Most estimates allot something like 40% of overall fab power consumption to process equipment. In the case of CVD, over half of that power goes to creating and maintaining vacuum - 41% for chamber vacuum provided by dry pumps in the subfab and another 10% for the load lock pump on the tool itself. This is consistent with estimates that put power consumption for process vacuum at 20% of overall energy usage in semiconductor manufacturing. Clearly, improvements in the energy efficiency of vacuum systems can make a significant contribution to energy savings. Demands to take verifiable action to support sustainability goals is mounting throughout the supply chain and in capital markets. Downstream companies, especially consumer-facing companies, are under mounting pressure from customers to enhance their sustainability.

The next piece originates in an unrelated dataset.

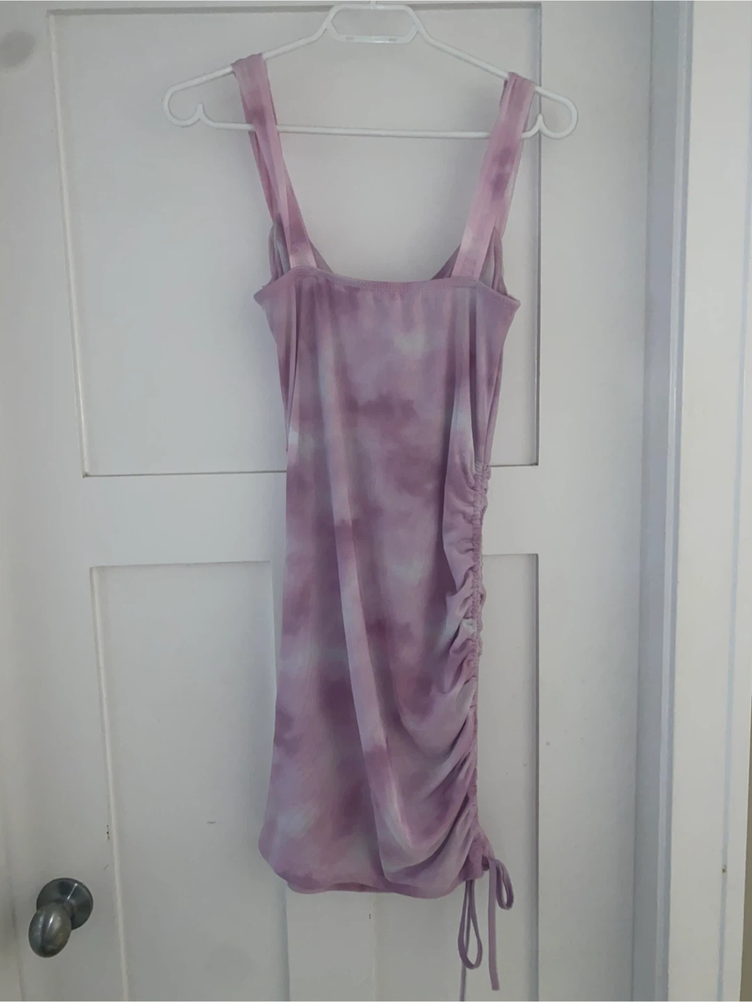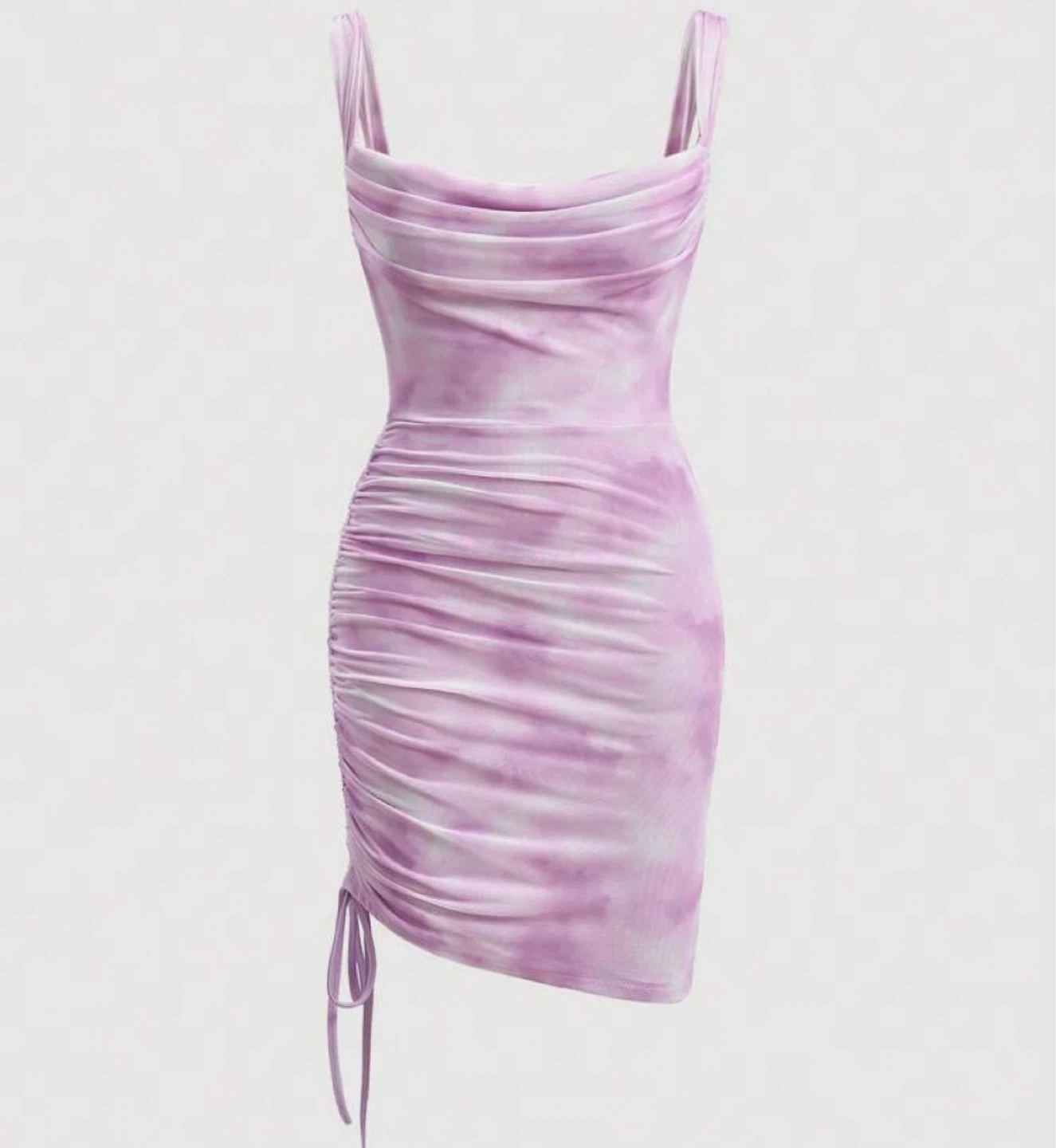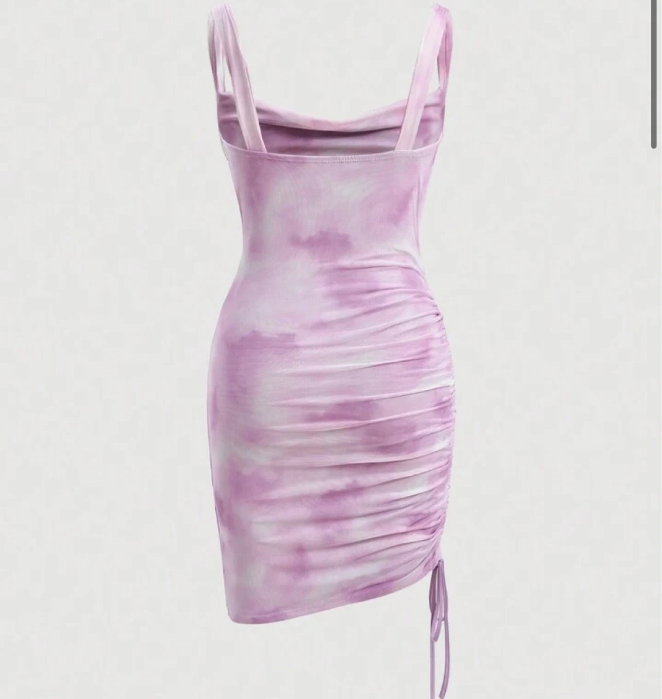 Cute tie dye mini dress in a purple/pink and white pattern! It features a cowl neck and adjustable straps. The dress has a ruched detail on one side with a drawstring. Perfect for a night out or a casual day!

This ripples up the supply chain where subfab equipment can be a critical enabler. In an internal study at Edwards, we found that 97% of all GHG emissions (carbon dioxide equivalent) generated over the lifetime of a vacuum pump, including all inputs (power, water, cooling, nitrogen, etc.) from initial manufacture to final disposal, comes from energy consumed during use, which makes reductions in these emissions a primary target for equipment manufacturers.

Summary
Semiconductor manufacturers and their equipment suppliers face a constantly evolving array of often conflicting design and development priorities. Tightly coordinated advances toward the monolithic goal of smaller transistors has given way to a sometimes-bewildering collection of new materials and technologies.

In this environment it is more important than ever for equipment and device manufactures to collaborate closely in developing the next generation of solutions, working together to gain a better understanding of these evolving challenges from those who must live with them every day.



Figure 2 In this example from an ISMI study, more than half of the power consumed by a CVD process tool is attributed to vacuum generation.